The Yama Virus, also known as Myocardium Digestorium Disease (MDD) or simply Yama, is a viral myocardium virus of humans and other primates and is also one of the only known viruses within the family Filoviridae.
The Yama Virus was first named and recorded by Osvald Jackson in February 2017 and was named from where it was discovered, near Mount Yama in Louzaria.

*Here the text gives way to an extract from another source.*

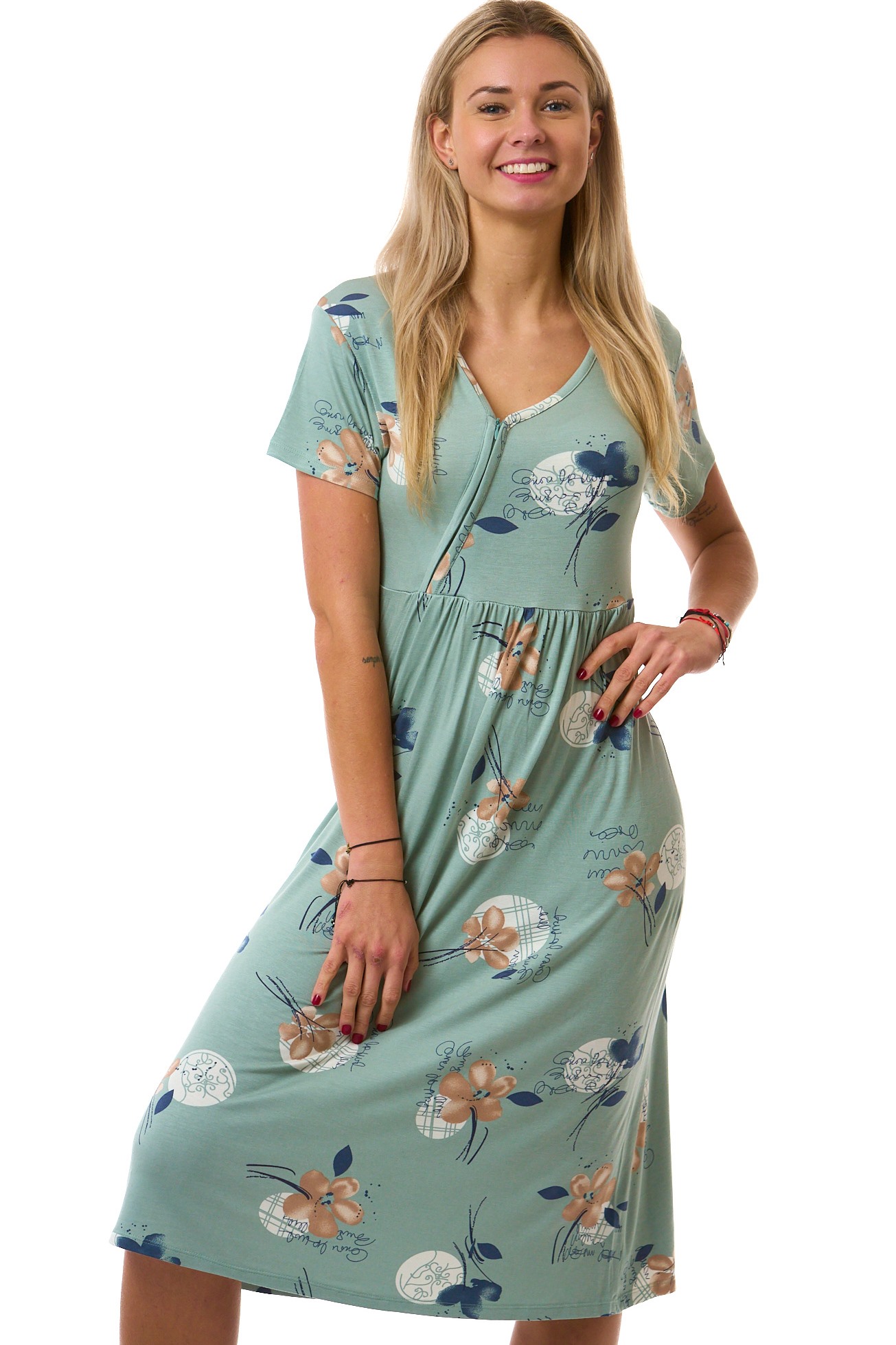 Noční košile z jemného, extra pružného materiálu je velmi příjemná na tělo, oblíbená a chválená ženami pro svůj pohodlný a ženský střih. Má krátký rukáv a vrchní díl tvoří sedýlko s praktickým zapínáním na zip. Košilka se směrem dolů rozšiřuje do áčka a je lehce nabíraná, což lichotí postavě. Zelený základ s hnědými květy, doplněnými o modré lístky a grafická „zrcátka“ ve stylu moderní suché vazby, působí elegantně a originálně.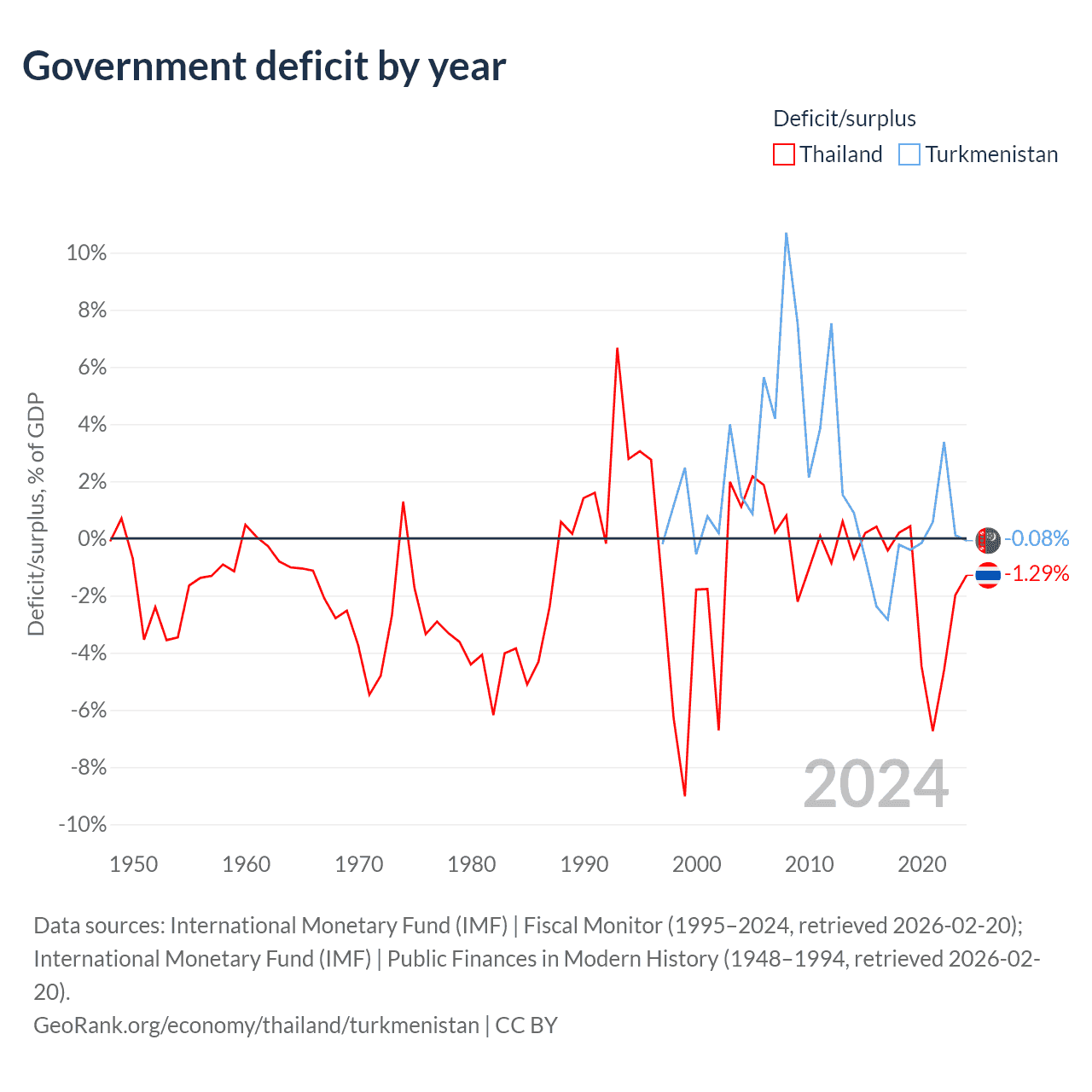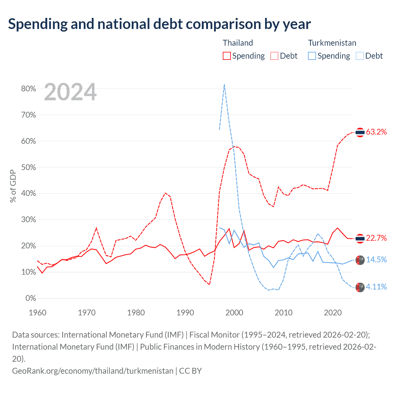 Thailand has $333B in government debt (63.2% of GDP), compared to $2.11B (4.11% of GDP) in Turkmenistan.

Because of its high mortality rate (up to 80-95%), Yama is also listed as a select agent, World Health Organization Risk Group 4 Pathogen (requiring Biosafety Level 4-equivalent containment), a MBE National Institutes of Health/National Institute of Allergy and Infectious Diseases Category A Priority Pathogen, MBE CDC Centers for Disease Control and Prevention Category A Bioterrorism Agent, and listed as a Biological Agent for Export Control by the Gordic Council.
Symptoms and properties
Yama spreads through human-to-human transmission via direct contact (through broken skin or mucous membranes) with the blood, secretions, organs or other bodily fluids of infected people, and with surfaces and materials (e.g. bedding, clothing) contaminated with these fluids. The virus can kill as early as 30 hours and as late as 50 hours after infecting the host. The Yama Virus infects its host through the blood, where, once in the bloodstream, the virions migrate to the heart where it will stay for the remainder of its life. Digestive enzymes within the virus quickly begin to break down the cell walls of the heart until the heart doesn't have the strength to continue pumping blood around the body.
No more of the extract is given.